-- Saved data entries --
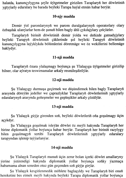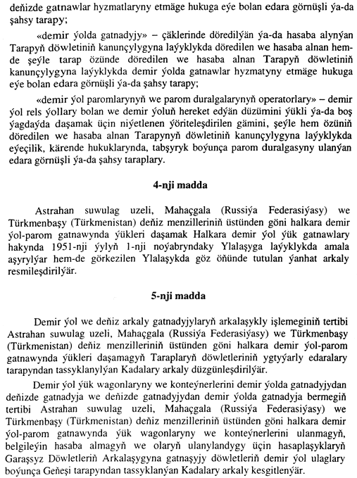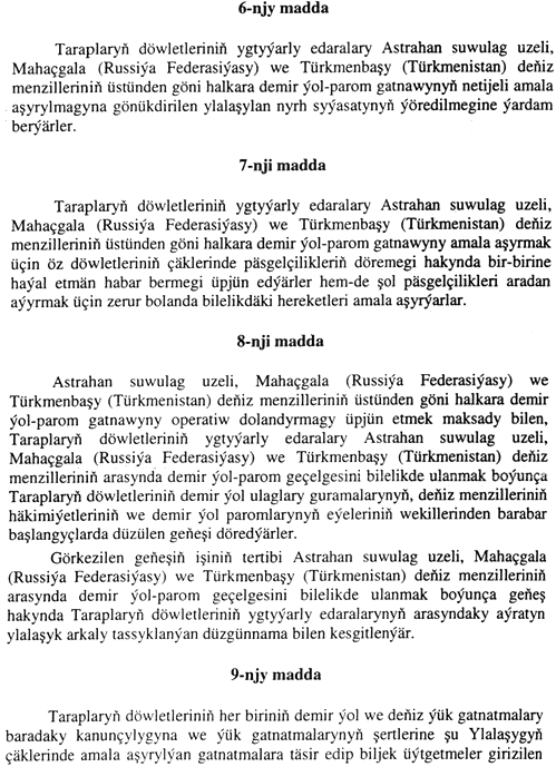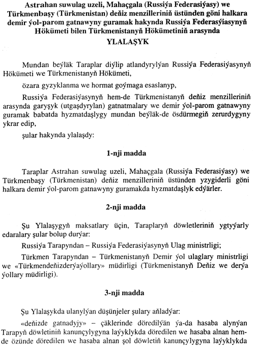 Соглашение между Правительством Российской Федерации и Правительством Туркменистана об организации прямого международного железнодорожно-паромного сообщения через порты Астраханского воднотранспортного узла, Махачкала ... (рус., туркмен.)
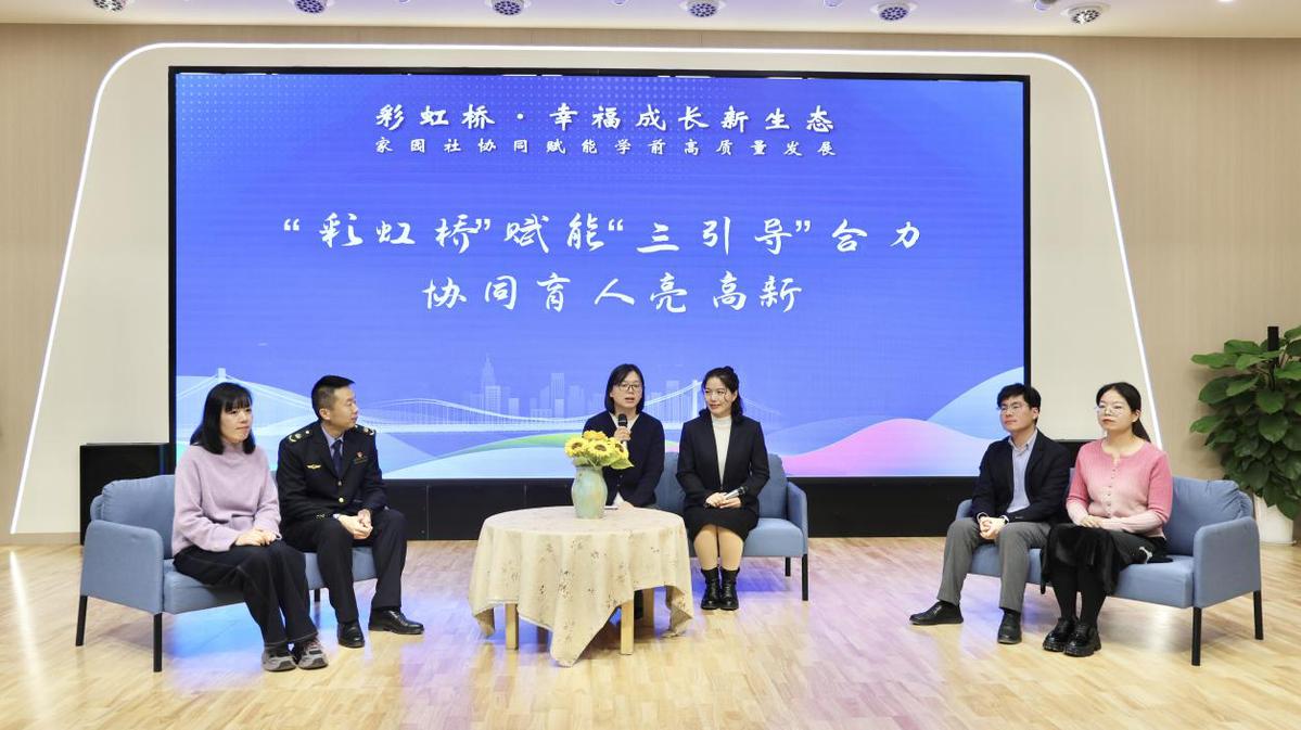 会前,与会人员参观了高新区五大幼教集团协同育人成果展。玺悦幼教集团打造的"家长助教团""行走的课堂"项目,实现社区资源与园本课程深度融合;珑悦幼教集团构建的"10分钟幸福生活圈",将教育服务延伸至社区生活场景;劝学里幼教集团通过亲子美育课程营造沉浸式育人环境;泰和幼教集团以"阅读+环保"为主题,携手家园社共创有声快书;春晖幼教集团则深耕非遗葫芦课程与"汇动"运动课程,以传统文化与体育教育为纽带连接家庭与社区。展示内容凸显"开放、互动、高效"特色,为推进会奠定实践基础。
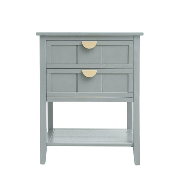 2 Drawer Side Table, American Style, End Table, Suitable For Bedroom, Living Room, Study - Light Gray
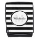 A contemporary black and white perfect stripes backpack. Personalise this girly pattern by adding your name and monogrammed initial. This preppy monogram design is part of the Black School Essentials Summer Colour Collection.
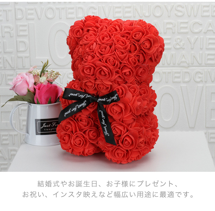 フラワードール ローズベア フラワーベア くま ぬいぐるみ 造花 バラ お花 置き型 置き型フラワードール 無臭 インテリア かわいい キュート 結婚式 誕生日 プレゼント お祝い バースデー 記念日 SNS映え ピンク レッド ハート リボン

-- WORK ITEM --
Find the line that contains "A contemporary black". Reproduce it and every later line of the records exactly, minus the pictures.

-- WRITTEN RESPONSE --
 A contemporary black and white perfect stripes backpack. Personalise this girly pattern by adding your name and monogrammed initial. This preppy monogram design is part of the Black School Essentials Summer Colour Collection.
 フラワードール ローズベア フラワーベア くま ぬいぐるみ 造花 バラ お花 置き型 置き型フラワードール 無臭 インテリア かわいい キュート 結婚式 誕生日 プレゼント お祝い バースデー 記念日 SNS映え ピンク レッド ハート リボン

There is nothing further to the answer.